News (Media Awareness Project) - US ID: A Community Loss |
Title: | US ID: A Community Loss |
Published On: | 2008-02-25 |
Source: | Times-News, The (ID) |
Fetched On: | 2008-02-26 18:22:59 |
A COMMUNITY LOSS
Two Years Later, Family Seeks Anwers To Boy's Death
Everyone loved Cody Cornelison.
His grandmother said so. His principal said so. Even the law
enforcement personnel who knew him said they liked him.
Everyone loved Cody Cornelison.

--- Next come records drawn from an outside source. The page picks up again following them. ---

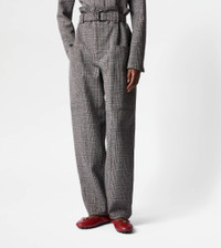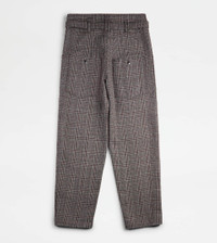 Pants in virgin wool with Prince of Wales pattern, maxi front pockets and patch back pockets with button. Fastened with zip, double snap and belt, they interpret a contemporary allure elegance. - Made in Italy - Women's pants with belt - The model is 5' 9'' and wears size 40 (IT) - Item composition: 100% virgin wool, lining 62% acetate, 38% polyester - Maintenance and care cards included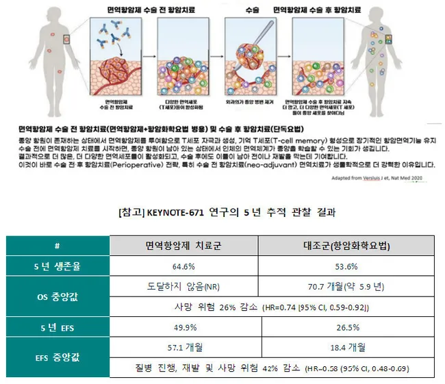 미세 전이 가능성을 고려해 수술 가능한 폐암도 4기처럼 가정해 치료하는 전략이 강조된다. 면역항암제(펨브롤리주맙) 수술 전후 병용 치료는 5년 생존율을 53.6%에서 64.6%로 개선했으며, 재발·진행·사망 위험도 42% 감소시켰다.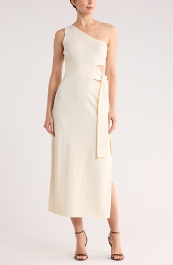 A one-shoulder silhouette lends modern style points to a party-ready dress cut from cotton and silk for an elegant look and feel.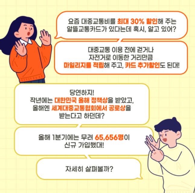 요즘 대중교통비를 최대 30% 할인해주는 알뜰교통카드가 있는데, 알고 계신가요?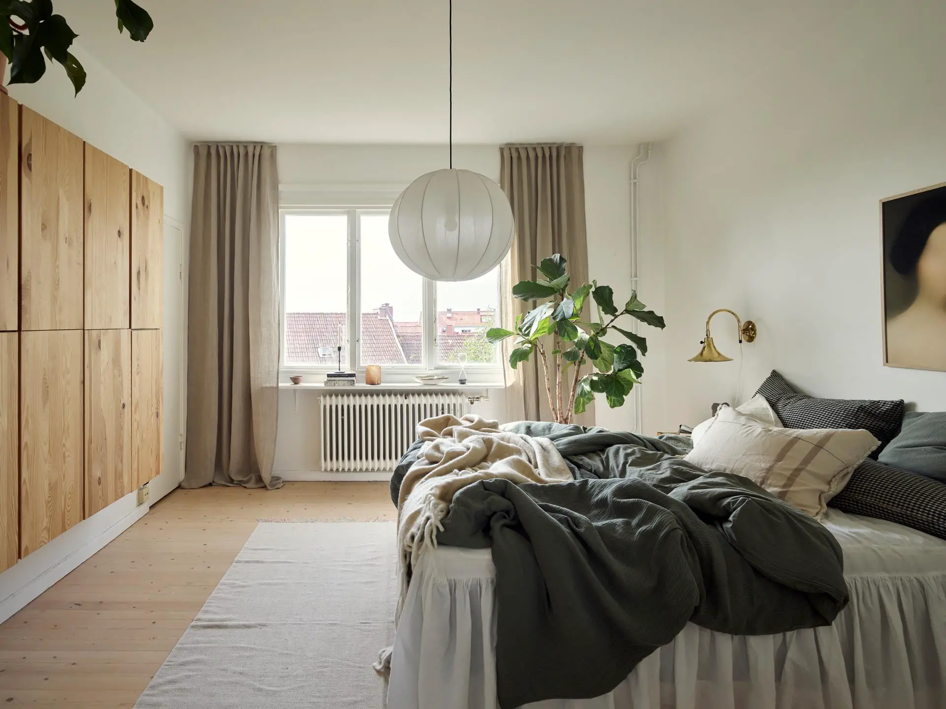 A világos fapadló és a látszó gerendák a vidéki nyaralók megjelenését kölcsönzik az otthonnak. Az erkélyszerűen nyíló ablakokból a városi tetők látványa azonban emlékeztet rá, hogy városi környezetben vagyunk. A minőségi belsőépítészet a titka annak a hangulatnak, amit ez a belső tér kínál.

Except, perhaps, Cody.
Struggling in school, having admitted to drug use for the second
time, the 13-year-old Hagerman boy killed himself on Feb. 9, 2006.
That fatal shot robbed his family of their son, and a community of a
child still mourned to this day.
Cody's death happened in minutes, yet it plunged his family into two
years of legal wrangling over just who may have been at fault.
There's no disputing, Myrna Cornelison said, that her grandson wasn't
the best student. He had attention deficit disorder and was in the
process of being diagnosed with attention deficit hyperactivity
disorder. He was the type of child to cave in rather than explode
under pressure. He struggled in the classroom.
His grandparents, caring for the boy during his parents' divorce,
considered pulling him from the school district.
"We knew he was unhappy," said Myrna, a former janitor at the school.
"(But) as grandparents, it's pretty scary to do home schooling."
Lyle Cornelison was once a Navy gunner's mate. For Cody's 12th
Christmas, he bought his grandson the rifle. The boy, Myrna said, was
carefully taught how to safely handle the gun.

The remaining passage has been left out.